Mary Tedeschi Eberstadt is an American author and a research fellow at Stanford University’s Hoover Institution. She also serves as consulting editor of Policy Review, the Hoover Institution’s bimonthly journal. Her work focuses on issues in American society, culture, and philosophy.
Eberstadt graduated magna cum laude in 1983 from Cornell University, where she was a four-year Telluride Scholar. She is an associate member of the Fellowship of Catholic Scholars.
Throughout her career, Eberstadt has written for a variety of magazines and newspapers, including National Review Online, Policy Review, The Weekly Standard, Commentary, the Wall Street Journal, Los Angeles Times, London Times, and the American Spectator.

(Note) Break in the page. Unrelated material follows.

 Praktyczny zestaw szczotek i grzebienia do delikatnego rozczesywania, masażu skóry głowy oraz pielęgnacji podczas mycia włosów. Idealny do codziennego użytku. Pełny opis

Her work has also appeared in First Things magazine, where she is a contributing writer.
She is also the author of numerous influential essays, including "Why Ritalin Rules," "Home-Alone America," "Eminem is Right," "How the West Really Lost God," and "Is Food the New Sex?" (Policy Review), and "The Vindication of Humanae Vitae," "How Pedophilia Lost its Cool," and "Christianity Lite (First Things)."

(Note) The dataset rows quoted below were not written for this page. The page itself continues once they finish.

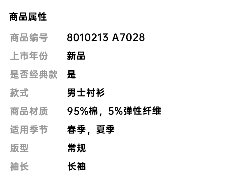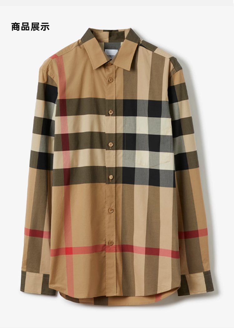 【二】BURBERRY 巴宝莉 男士格纹弹力棉府绸长袖衬衫 8010213 A7028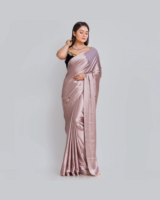 Rose Gold Satin Silk Saree With Handmade Tassels On Pallu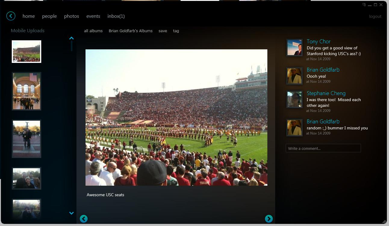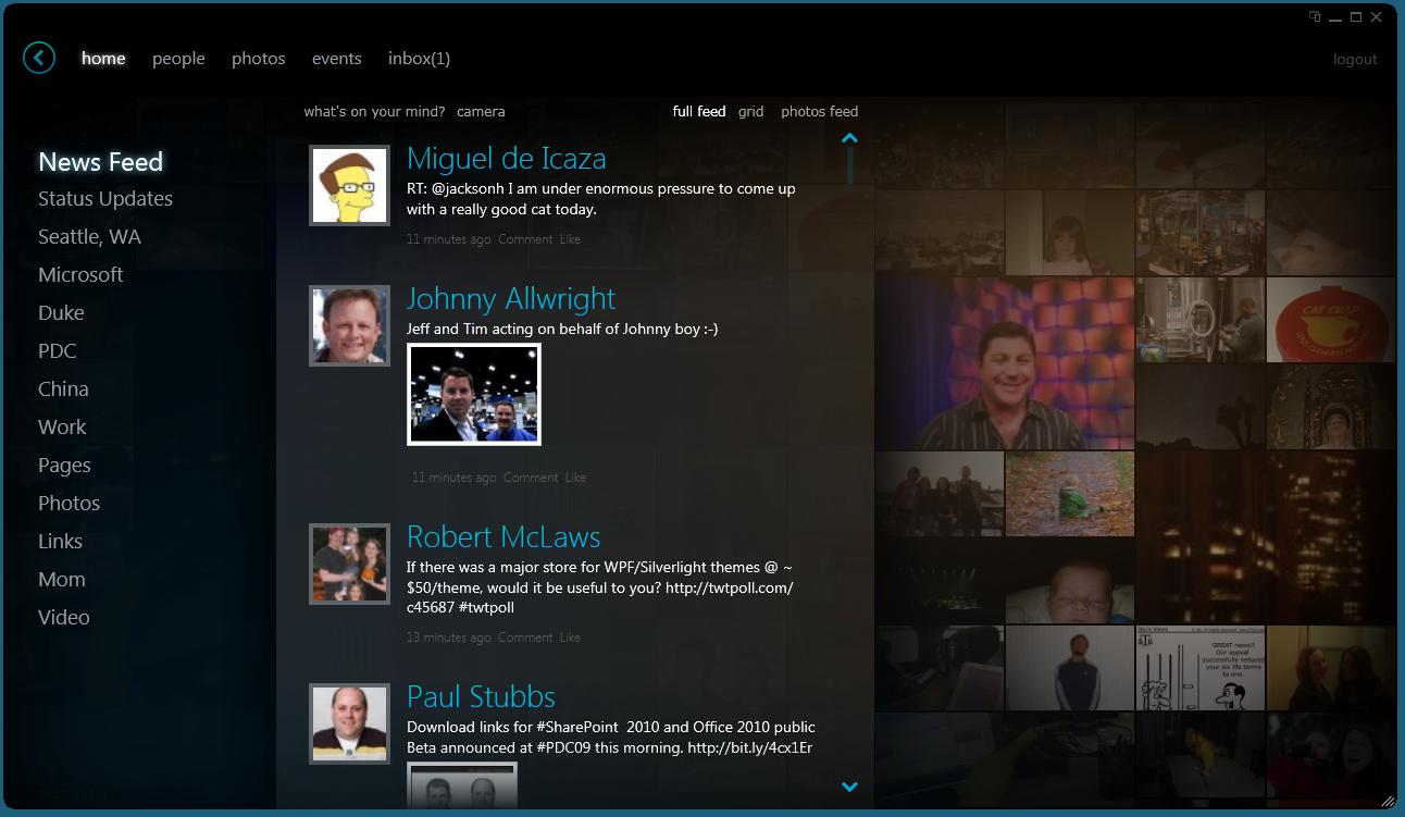 Some screenshots below of what Facebook would look like as a Silverlight app. They show a reskinned stream view, a people view, Facebook photos, and a grid view.

From 1990 to 1998, Eberstadt was executive editor of National Interest magazine. Between 1985 and 1987, she was a member of the Policy Planning Staff at the U.S. State Department and a speechwriter for then Secretary of State George P. Shultz. In 1984-85 she was a special assistant to Ambassador Jeane J. Kirkpatrick. Eberstadt is also a former managing editor of the Public Interest.